The aims of this course are consequently more modest. We attempt cover the
main ideas and
techniques
of modelling and show how some critical ideas come together to
enable us to produce useful models. We also show how things may go
wrong.
We assume
very little apart from some basic probability, statistics and calculus. Obviously
a more comprehensive knowledge and appreciation of statistics will help enormously.
A provisional syllabus is given below but there will undoubtably be
some variation to suite the class background and needs.
Since this course is part of a Data Mining MSc programme we will include some statistical ideas encountered in "Knowledge Discovery" software.
3 When and where
On this course one lecture per week will be held in house at Aviva Norwich. The times and places are as follows:
Please note that all classes are 09:30-11:30 starting on Thursday 3 May.
4 Assessment
The taught part of the course (CMPSMC2Y) carries 20 credits and will be assessed by two pieces of course work. A further project based on applications of the lectures is expected from student and this project(CMPSMC4Y) is worth an extra 20 credits. The projects will begin after Christmas and for the project each participant will have a project supervisor. Additional information and advice will of course be available before the projects start.
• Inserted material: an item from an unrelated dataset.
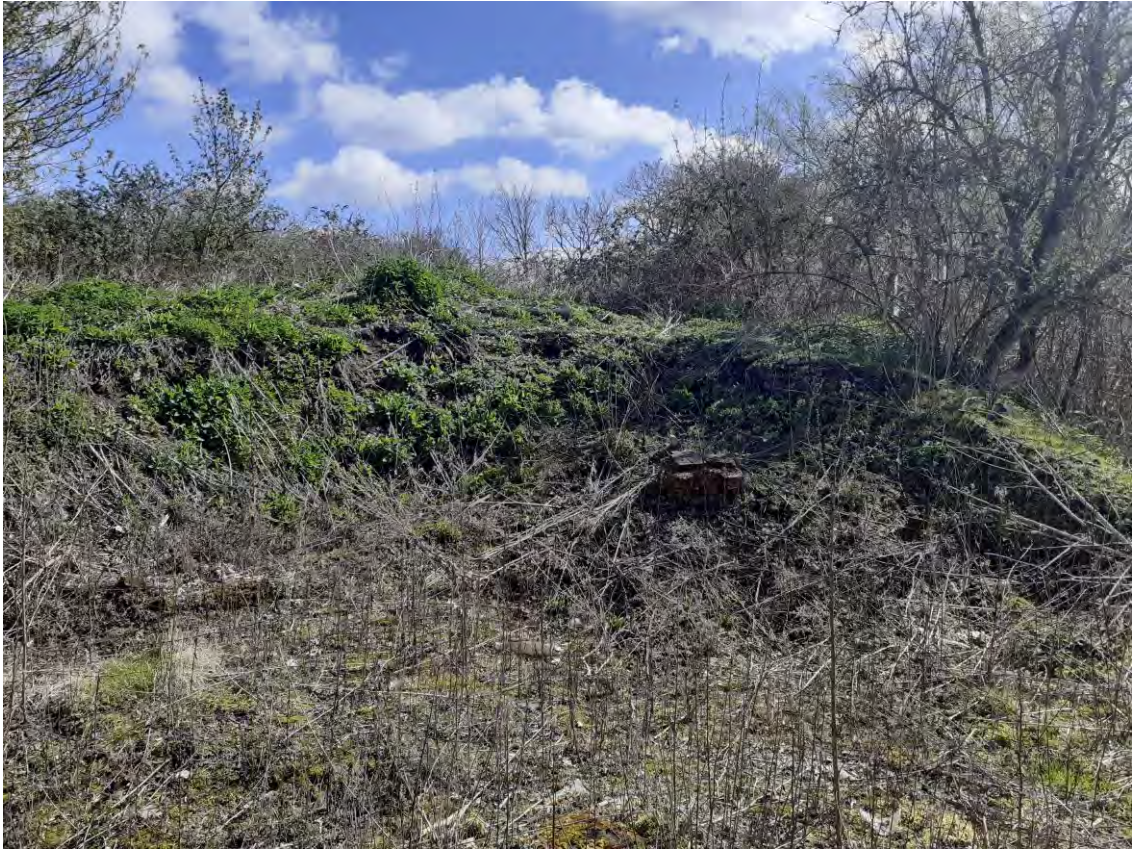
Photograph 17 : Potential made ground strip close to the River Yare.

Please note for Aviva purposes student must take both CMPSMC2Y and CMPSMC4Y.
5 Syllabus
An approximate guide to content of the taught part of the course is as follows.
Background
- Week 1: Probability and distributions
Basic distributions and properties including loss distributions.
Joint and conditional distributions. Bayes theorem. Conditional
expectation.
- Week 2: Dealing with data.
Basic data exploration, graphical tools, EDA. Populations and sampling.
Sampling distributions. The concept of likelihood, parameter
estimation. Distributions of estimates. Confidence intervals. An overview of testing.
An introduction to Bayes inference.
- Week 3: Linear modelling 1: Fitting the model.
Motivation for wanting to fit a linear model and the most commonly used method for doing so.
- Week 4: Linear modelling 2: Using the model.
Using the model to explain underlying relationships in the data and to predict new data.
- Week 5: Linear modelling 3: Assessing the model.
Assessing how good the model is at explaining variation in the data and at predicting new data.
- Week 6: Linear modelling 4: Searching for the best model.
Popular methods of searching for the best parsimonious model.
- Week 7: Generalized linear models.
Definitions and rational.
Glim for Gamma based models and other continuous non-normal cases.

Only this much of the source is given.